The form archetype language pulveriser can be used for a great many practical applications, which I will give now an example of with a language identification algorithm.

We first compute the set of all form archetypes in the dictionary. We then rank them in order of frequency in a histogram. We then approximate the histogram with a Fourier Series and normalise the resulting function to have an integral area of 1 exposing our ad hoc presumption that all languages will have the same information content.

*Given:
*A spoken sentence: S.

A phonetic language database of form pulverisers: P

For simplicity, we will assume that we have 100% accuracy in speech to text.

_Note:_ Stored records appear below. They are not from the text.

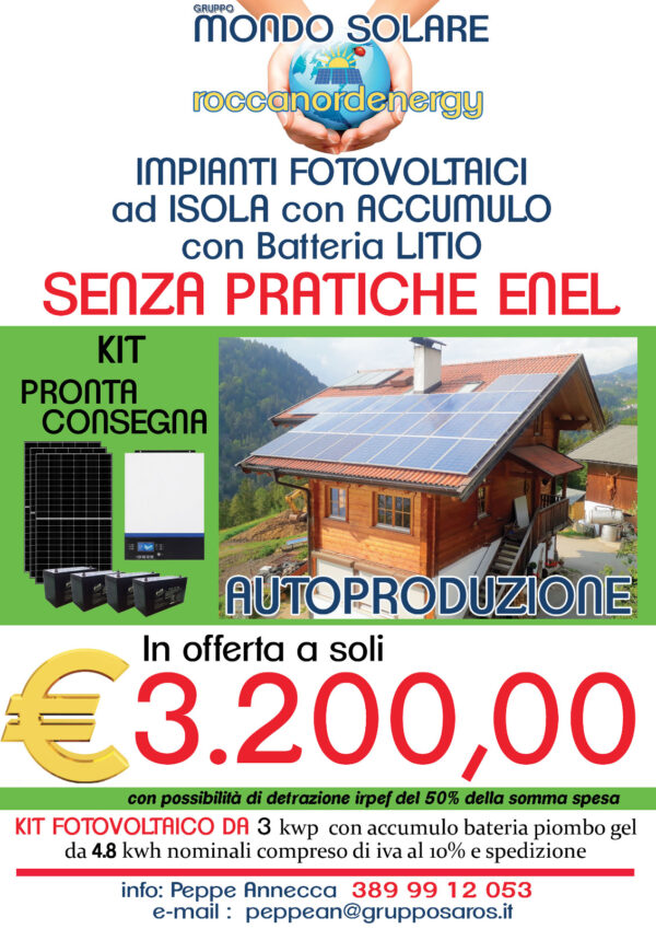 Fornitura Impianto fotovoltaico ad isola con accumulo SENZA PRATICA ENEL autoproduzione indipendente. Con il kit fotovoltaico KIT 3.280 kwp è possibile realizzare un impianto ad isola da circa 3.280 kWp completo di inverter ibrido "All in One" onda pura da ben 3000 W 24 v con controllo remoto bluetooth e wifi, con accumulo utile di 4.8 kWh batterie piombo gel Ultimatorn o FAAM numero 4 batterie 100 ah 12 v accumulo nominale 4.8 kw Con il kit ad isola è possibile utilizzare detrazione fiscale IRPEF 50% recuperare il 50% della spesa sostenuta in 10 anni sulle proprie tasse , Con i kit ad isola non occorre fare pratica Enel e Gse, poichè non immettono corrente in rete essedo autoproduzione ups. Funzionamento Impianto ad isola : produce la corrente, alimenta l' abitazione, la corrente in esubero carica le batterie, di sera all'imbrunire quando impianto non produce più passa automaticamente prelevando la corrente accumulata nelle batterie, qualora le batterie si scaricassero inverter è dotato di uno swich all'interno blocca le batterie e preleva la corrente direttamente dal contatore enel, e/o in assenza di utenza Enel può essere collegato ad un gruppo elettrogeno. Inverter ha una particolarità se ci fosse un black out va via la corrente impianto ad isola continua a funzionare di giorno e di notte essendo ibrido ups. Si fornisce schema di montaggio e assistenza telefonica durante installazione e configurazione inverte e batterie. Il kit è composto da: • Numero 8 pannelli 410 w ECO DELTA • Inverter ibrido ad isola un uscita 3000 W 24 V con 1 regolatori di carica MPPT da 500V - 4 Batterie PIOMBO GEL 100 AH 12 V accumulo 4.8 kWh nominali - Protezioni batterie , stacca batterie, fusibile, porta fusibile, lamelle in rame, morsetti cavo collegamento 6 mt da 25 mm - Quadro CC 1 stringhe - Commutatore automatico - Cavo solare 6 mm 50+50 da 4 mm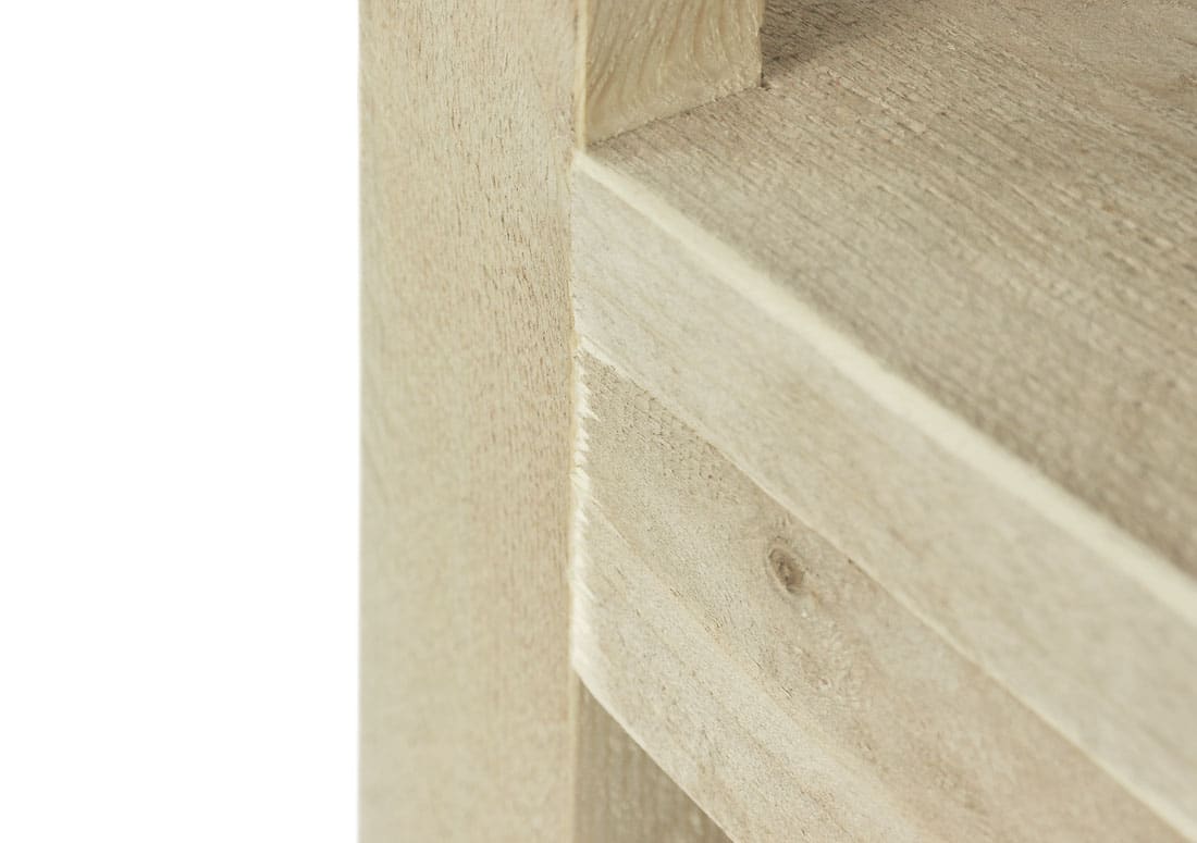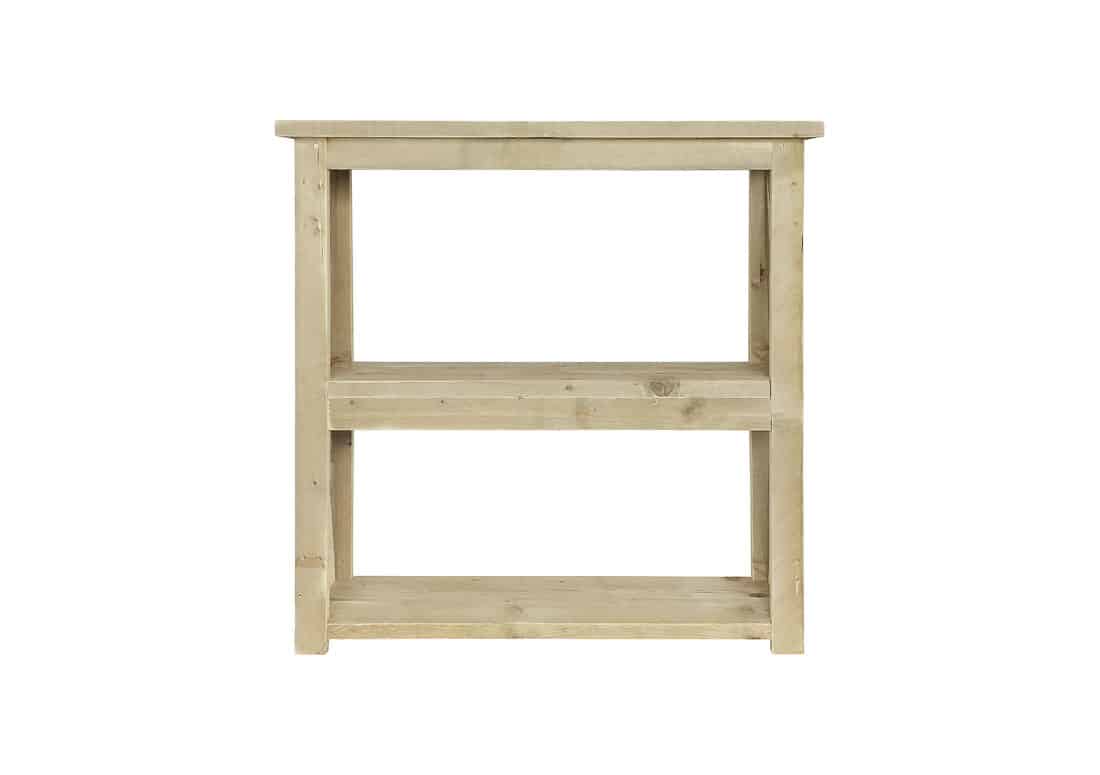 Steigerhouten sidetable model Ohley heeft drie legplanken. Hierdoor is er voldoende ruimte om op te bergen. We schuren al onze meubelen machinaal dus absoluut geen splinter. Standaard wordt dit meubel gemonteerd geleverd. Wil je het meubel net even iets anders? Dat kan!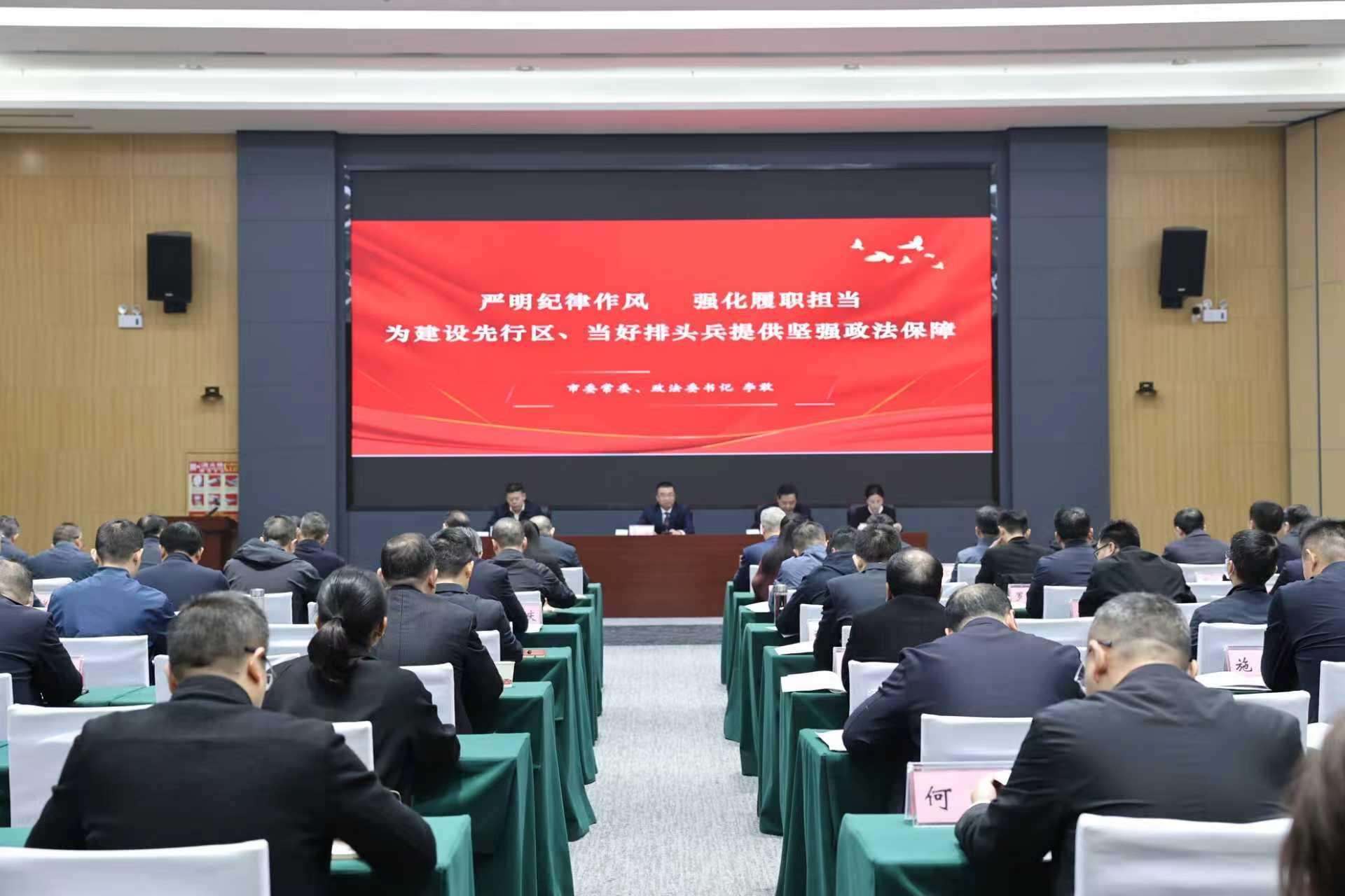 李敢強(qiáng)調(diào),要深入學(xué)習(xí)貫徹習(xí)近平總書記關(guān)于黨的自我革命的重要思想、關(guān)于加強(qiáng)黨的作風(fēng)建設(shè)的重要論述,持續(xù)鞏固深化學(xué)習(xí)教育成果,不斷提升履職能力水平。要切實(shí)增強(qiáng)抓紀(jì)律作風(fēng)的思想自覺、行動(dòng)自覺,堅(jiān)持抓領(lǐng)導(dǎo)干部這一“關(guān)鍵少數(shù)”,堅(jiān)持黨性黨風(fēng)黨紀(jì)一起抓,堅(jiān)持一體推進(jìn)學(xué)查改,以優(yōu)良紀(jì)律作風(fēng)推動(dòng)擔(dān)當(dāng)作為,持續(xù)加強(qiáng)政法隊(duì)伍建設(shè),為建設(shè)先行區(qū)、當(dāng)好排頭兵貢獻(xiàn)政法力量。

This is not realistic, but it is realistic that individual syllables could be identified in a particular recording (by a human), then translated to the phonetic alphabet at which point the information will be in a form that it can go into a particular implementation of the form archetype pulveriser.

If I want to identify what language is represented by a particular set of sounds, I must input it into each language pulveriser function and find the language which maps that particular set of sounds to a meaningful sentence with highest probability. That is: out of the set of all sets of forms in the set of all languages, how likely is that particular set of forms, per language, per all possible words in that language? The largest result of this computation is the identified language.

### Challenge

The language canoniser has a small computational design flaw. Find it.

Clue: Consider the problem of generating the first word of a sentence.